Наставник-иезуит Мартын Пилецкий-Урбанович вел за лицейскими постоянную слежку, в конце концов вызвавшую бунт и изгнание слишком ретивого воспитателя. Его характеристики, составленные на каждого лицеиста, не лишены зоркой и недоброй наблюдательности (впрочем, к Пущину он благоволил).
Вот строки о нем: «Пущин Иван, 14-ти лет. С весьма, хорошими дарованиями, всегда прилежен и ведет себя благоразумно. Благородство, воспитанность, добродушие, скромность, чувствительность, с мужеством и тонким честолюбием, особенно же рассудительность — суть отличные его свойства. В обращении приятен, вежлив и искренен, но с приличною разборчивостью и осторожностью».
Анненков знает также, какое слово Пушкин хотел поставить в том или ином стихе, но трижды заменил — а сам Пушкин вряд ли сумел бы припомнить!
Наконец, поэт наш, хотя и подозревал, но все же не знал точно — кто за ним шпионит. А Павел Васильевич, кажись, и сыщиков всех по именам-отчествам знает.
Все знает, усами шевелит: я однажды-таки поймал себя на прислушивании, а не шелестят ли усища?
Сегодня только вошел, как он — едва поздоровавшись (будто в последний раз виделись вчера, а не год назад): «Глядите, что за строчку выписал у Александра Сергеевича! Ах, как жаль — раньше бы следовало…
Сейчас толкуют много о народе, какой он, наш народ?.. С одной стороны, то, с другой — се… И целые тома пишутся о добрых и темных сторонах народного сознания.
А лицейский-то ваш сосед в одной кишиневской строке все высказал:
И жадной черни лай свободный…
Полюбуйтесь, какое накопление отрицательных слов: жадный, черни, лай — но все уравновешено главным пушкинским словом — свободный!
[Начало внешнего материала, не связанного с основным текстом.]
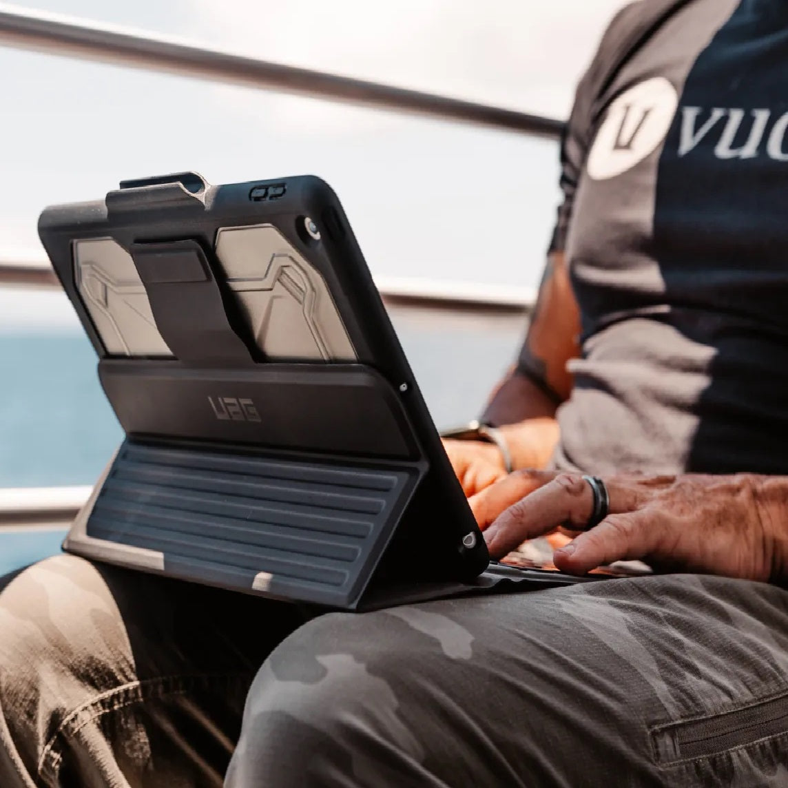 The UAG Rugged Bluetooth Keyboard with Trackpad utilizes a rugged, non-slip exterior and other premium features that represent UAG’s commitment to protection. With Bluetooth connectivity, the rugged keyboard offers a superior laptop-style typing experience and tracking. Featuring a spill-resistant keyboard with comfortably spaced backlit keys. Extra-large multi-touch trackpad with gesture support so you can swipe, tap, pinch, and scroll. Laptop-like experience with the adjustable magnetic stand that offers four viewing modes that let you type, view, sketch, or read. A rechargeable long-lasting battery that allows up to 6 months of battery life (depending on usage). Premium tactical grip exterior provides secure handling. Apple Pencil storage so you can have your Pencil close and handy. Work from anywhere with the UAG Rugged Bluetooth keyboard and detachable case.

Ай да Пушкин! И главное, щедр, щедр: такой стих не окончил, строку забросил, оставил дремать в черновике, и мне за ним, лентяем, отыскивать приходится».
Воспользовавшись паузой, я сразу (пока П. В. не начал новой речи!) принялся записывать и восклицать (льстиво, но искренне), как много он такого знает, чего не ведает никто, как прекрасно понимает — и проч… Упрекнул Павла Васильевича в том даже (уж простите, Е. И.), что он остановился на седьмом томе и роздал все остатки молодым друзьям.
«Молодые друзья» — это в первую голову я, а также Касаткин, Гаевский, Афанасьев и еще другие. Выпустив 7-й дополнительный том своего пушкинского издания, П. В. действительно поощрял нас к публикациям в России и за границею тех строк и фрагментов из Пушкина, которые он сам по разным причинам (в основном цензурного свойства) не сумел поместить в своих томах. В то же время Анненков не прекращал медленно, основательно трудиться над биографией А. С. Свою известную книгу «Александр Сергеевич Пушкин в Александровскую эпоху» он выдал в свет в 1870-х годах.
Анненков: Пушкина на всех хватит! И еще на век, или того больше. Иногда мне кажется, он нарочно прятался, уничтожал, шифровал собственные строки, ибо прекрасно знал прелесть тайны, загадки…
П. В. показал мне, как Пушкин сперва хотел окончить «Выстрел» на том месте, где Сильвио извещает собеседника, что наконец дождался своего часа: граф Б. женат и пришла лучшая пора для мести…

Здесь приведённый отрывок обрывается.